Writing in her response to the senators' letter, Jackson said that if Murkowski was successful it would strip the EPA of its right to impose new fuel-efficiency standards on vehicles, resurrecting the prospect of different states imposing different vehicle standards.

She warned that a successful vote would "undo a historic agreement among states, automakers, the Federal government and other stakeholders", adding that "California and at least 13 other states… would enforce those standards within their jurisdictions, leaving the automobile industry without the explicit nationwide uniformity that it has described as important to its business.

The letter to the EPA was orchestrated by senator Jay Rockefeller, a Democrat from coal-rich West Virginia, who is thought to be preparing a compromise position that would block the EPA from regulating carbon emissions for a period of two or three years, giving Congress more time to deliver specific carbon emission regulations.

"EPA actions in this area would have enormous implications on clean coal state economies, and these issues need to be handled carefully and appropriately dealt with by the Congress, not in isolation by a Federal environmental agency, " he said in a statement.

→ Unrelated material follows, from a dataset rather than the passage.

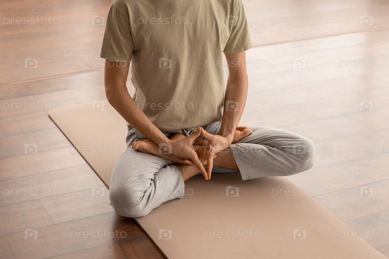 Низкий участок молодого человека, сидящего на коврике и держащего руки между скрещенными ногами

In a signal that the EPA is responding to concerns over how new regulations could impact the recovery, Jackson confirmed that new rules requiring carbon-intensive plants to obtain permits proving they are using the most carbon-efficient technology available would be phased in gradually.

She said that no facility would be required to address greenhouse gas emissions in Clean Air Act permitting of new construction or modifications before 2011. She also revealed that the EPA was considering raising the threshold for plants covered by the new rules from the current level of 25,000 tonnes of greenhouse gases a year.

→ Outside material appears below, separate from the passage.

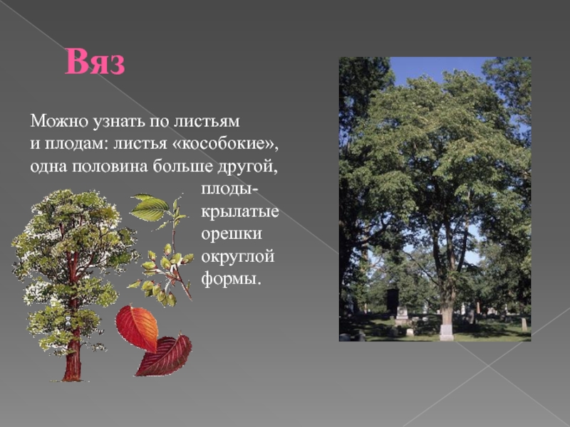 ВязМожно узнать по листьям и плодам: листья «кособокие»,одна половина больше другой,

David Doniger, policy director for the Climate Center at the Natural Resources Defense Council, said the EPA was right to defend its endangerment finding and subsequent right to regulate greenhouse gas emissions.

"Using the Clean Air Act to reduce carbon pollution requires nothing different than what we've repeatedly done over the course of four decades for other kinds of pollution: follow the science, act when pollution endangers our health and welfare, and use available and affordable technology to clean up vehicles, power plants and other big pollution sources," he said. "It's practical, effective, affordable – and it works."